I spent most of the day at onOne Software talking photography, Suite 9, sharing war stories, having fun. You couldn't ask for a nicer group of people. I asked Dan Harlacher where he took his shot of the Marquam Bridge – a shot I have loved since I first saw it. Now I know where to go! I met up with Hudson Henry that night, strolled around Pill Hill, and got a shot of the bridge.
Hudson is a great guy and if you haven't already, you should check out his work. We chatted about all sorts of things while shooting. And he turned me on to Sauvie Island, which is where I ended up the next morning.
- Day 4 / Miscellaneous & Travel
I slept in... or at least tried to. I guess my body was used to getting up early. It wasn't a restful night. I spent the morning driving through downtown Portland, weaving back and forth across the several bridges that span the Willamette River. A scouting run – yeah, I'm sure I'll go back. I stopped by Kelley Point, a quiet little park with some gnarled trees littering shallow beaches (it's a little strange to me there's a beach along a river :).

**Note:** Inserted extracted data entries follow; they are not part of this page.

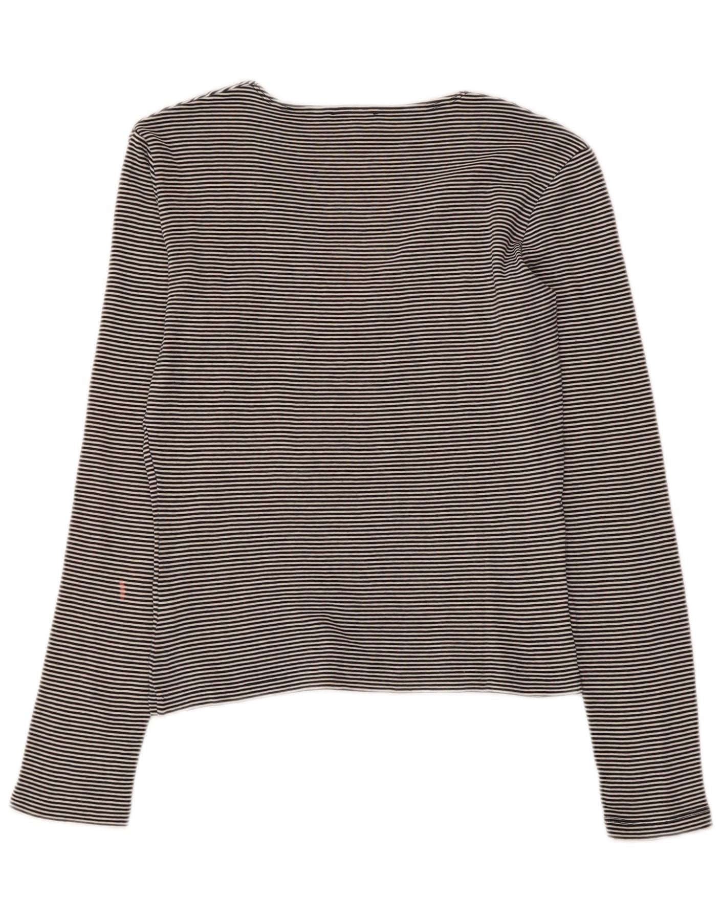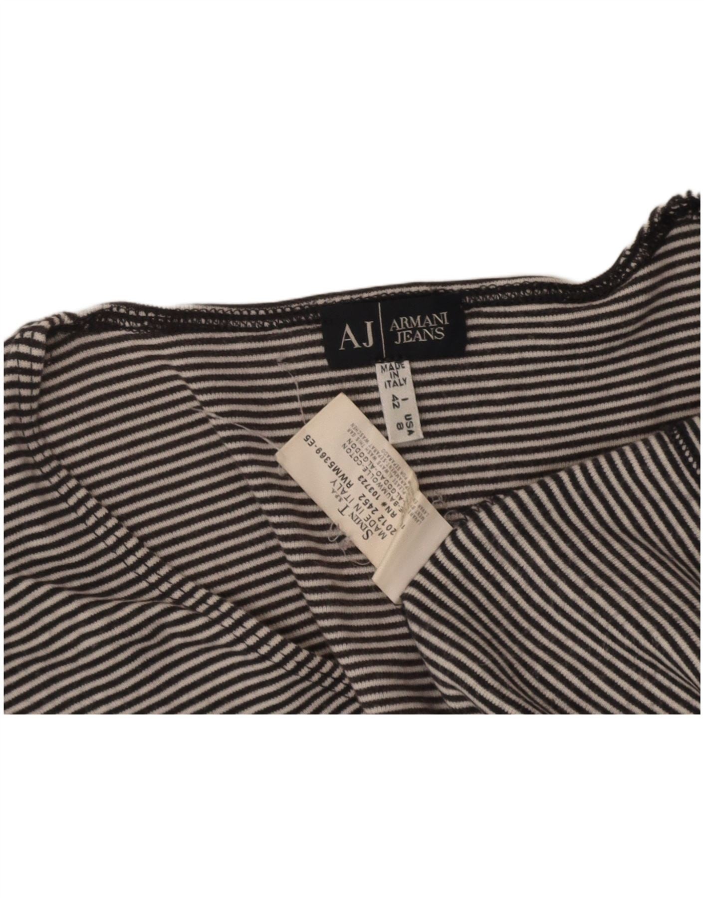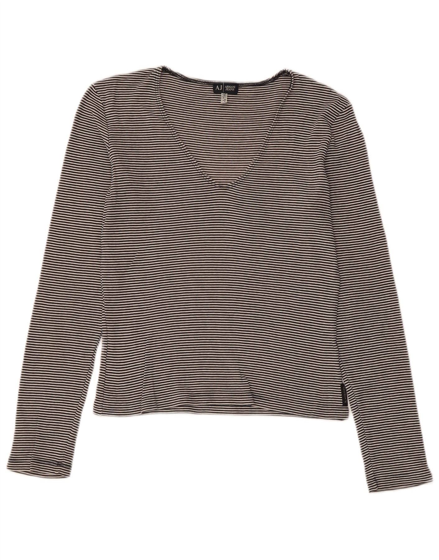 ARMANI Top feminino de manga comprida UK 12 médio azul marinho risca de giz náutico
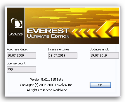 Скачать программу EVEREST Ultimate Edition 5.02.1815 Beta (9,81 МБ):
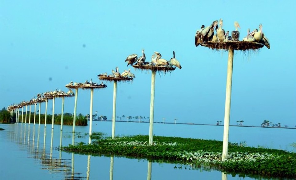 Located between the Krishna and Godavari deltas, one of India’s largest freshwater lakes and a Ramsar wetland, famed for migratory birds.
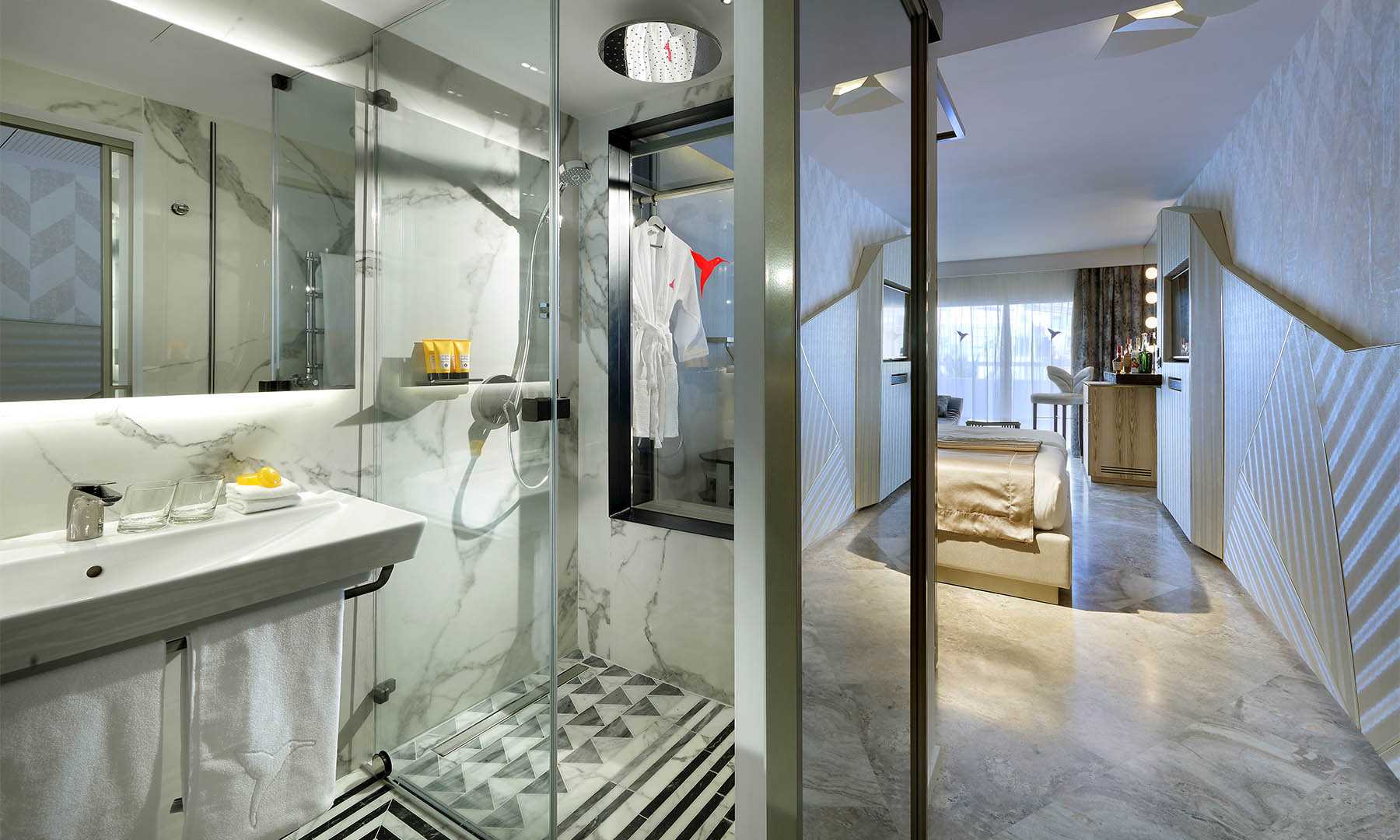 Not knowing the time and enjoying the feeling. Instantly sharing with your friends (and almost friends) your most enticing smile. Going to the terrace with drink in hand to enjoy the spectacle from your Double Superior Stage View, like a VIP. Dance. Let go. Jump. Fall in love at first glance. Plan your next move from your vantage point. Hunt. Devour. And keep on dancing. Afterwards, rest in a luxurious room. You will be at the heart of the best daytime party in Ibiza. The heart of Ushuaïa.
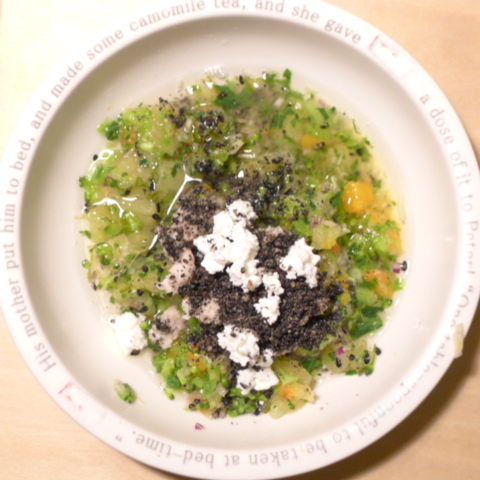 いわし7g 納豆2.8g さつま芋20g 苺6g きゃべつ5g ブロッコリ5g 小松菜5g 南瓜8g 昆布0.05g 黒ごま2g 小岩井20g 湯60cc ebi1T bio2/3g VC0.2g Ca0.2g
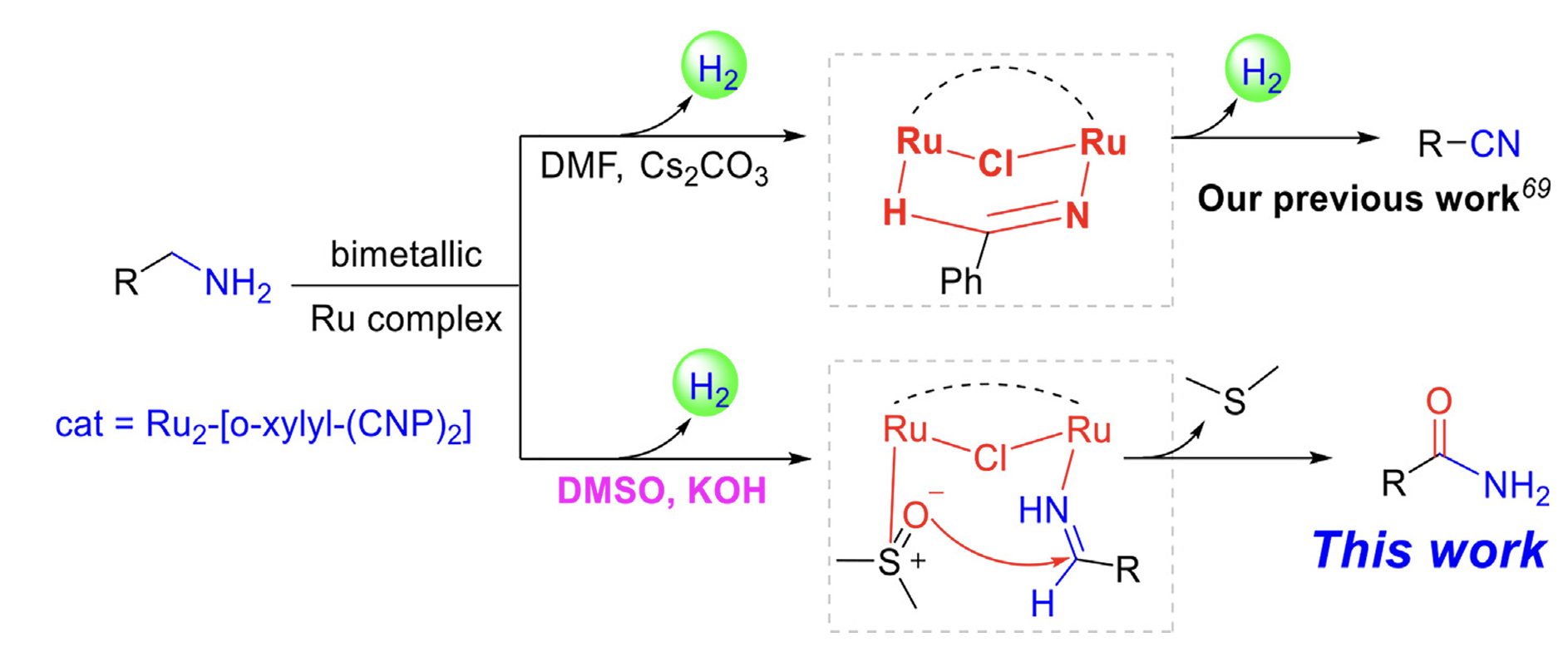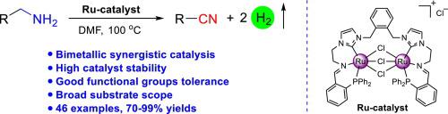 31. Nie, X.; Zheng, Y.; Ji, L.; Fu, H.*; Chen, H.; Li, R.*, Acceptorless dehydrogenation of amines to nitriles catalyzed by N-heterocyclic carbene-nitrogen-phosphine chelated bimetallic ruthenium (II) complex. J. Catal. 2020, 391, 378-385;
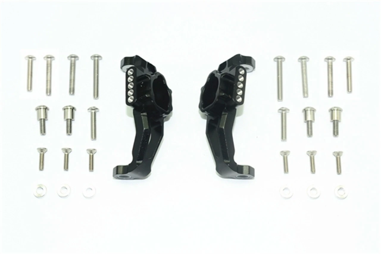 These are the GPM Racing Black Aluminum Adjustable Front Portal Drive Caster Blocks for Traxxas TRX-4 scale trucks and rock crawlers. Made of 6061-T6 aluminum, these are durable and look great. The multiple mounting holes on these allow for mounting the shocks at different positions. Stainless steel kingpins and mounting screws are also included.
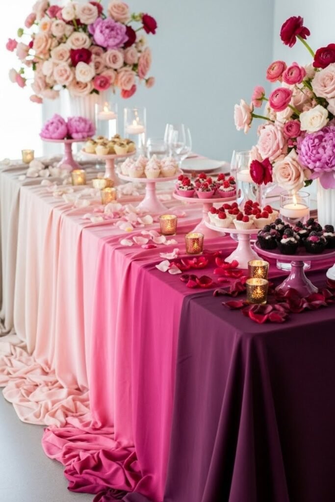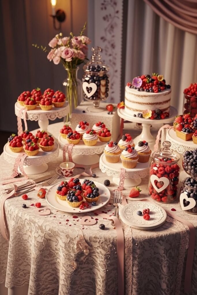 Focus on romance and softness using gentle berry hues, lace accents, and heart-inspired details. Keep décor light and elegant rather than overly themed.
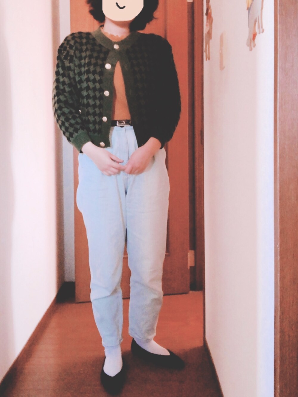 グリーン系のニット/セーター、オレンジ系のTシャツ/カットソー、ブルー系のデニムパンツを着用したレディースの冬コーディネートの1枚目の写真
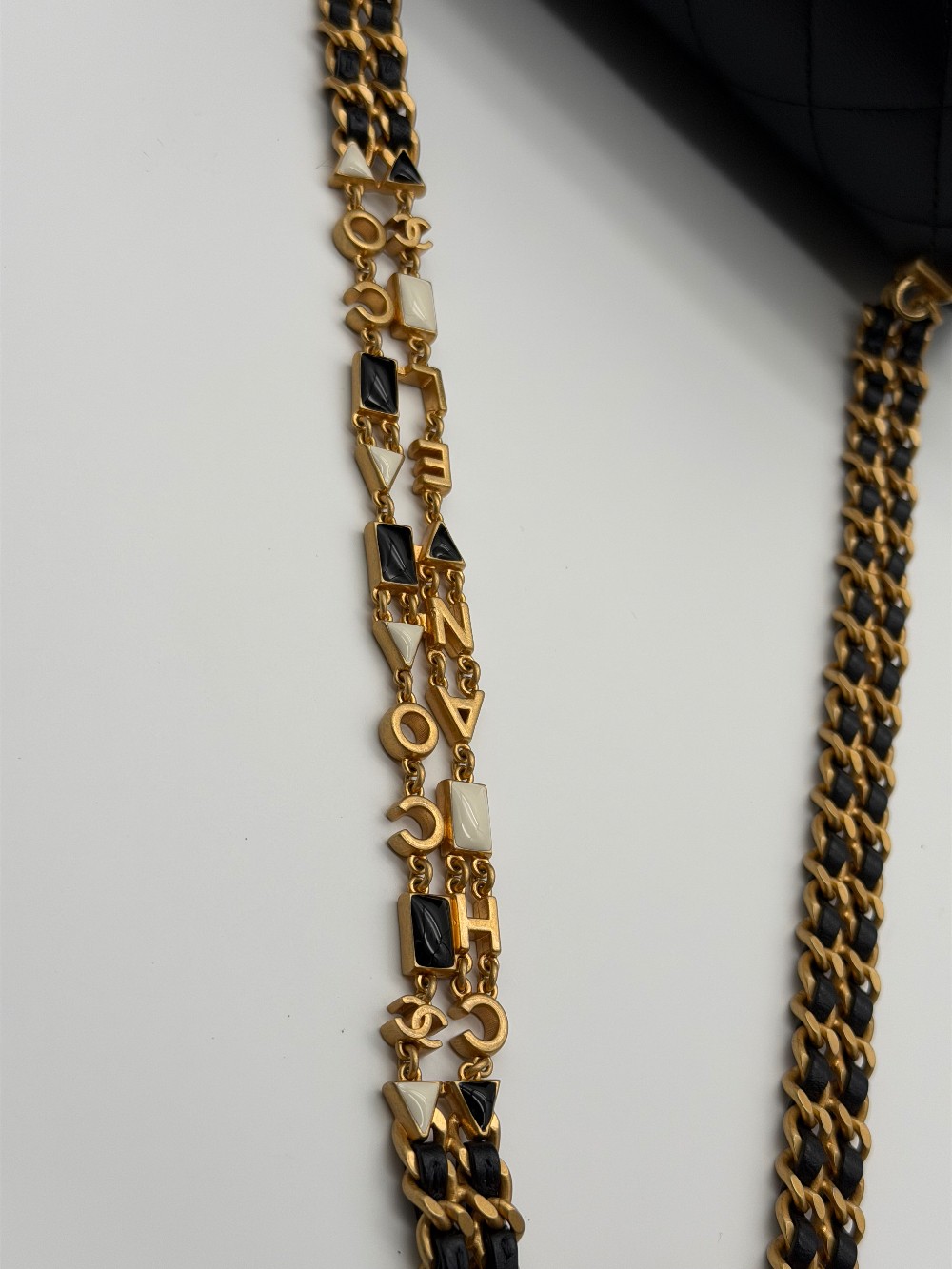 A standout feature of this specific version is the ornate gold-tone and resin chain. The strap is intricately detailed with square and circular resin charms, some featuring the "CHANEL" name or CC logos, interspersed with a traditional leather-interlaced chain.

Then I took Hudson's advice and tooled along Sauvie Island. It's a mix of farmland and river life. Pastoral. Quiet. The channel that runs along the western side of the island is very calm. I don't recall seeing a single boat during my visit. And this left the water's surface like glass – just how us photographers like it.
The rest of the day became a lot more travel than intended. Weather in San Francisco delayed my flights significantly. At least I did get home and didn't have to sleep in SFO.
Rest assured there will be lots of photos to come from this trip.
I'm completely knackered now. Besides working on just a few hours of sleep a day, flight delays didn't get me home until 2am Wednesday morning. And my work day started at 6am. I will sleep well tonight!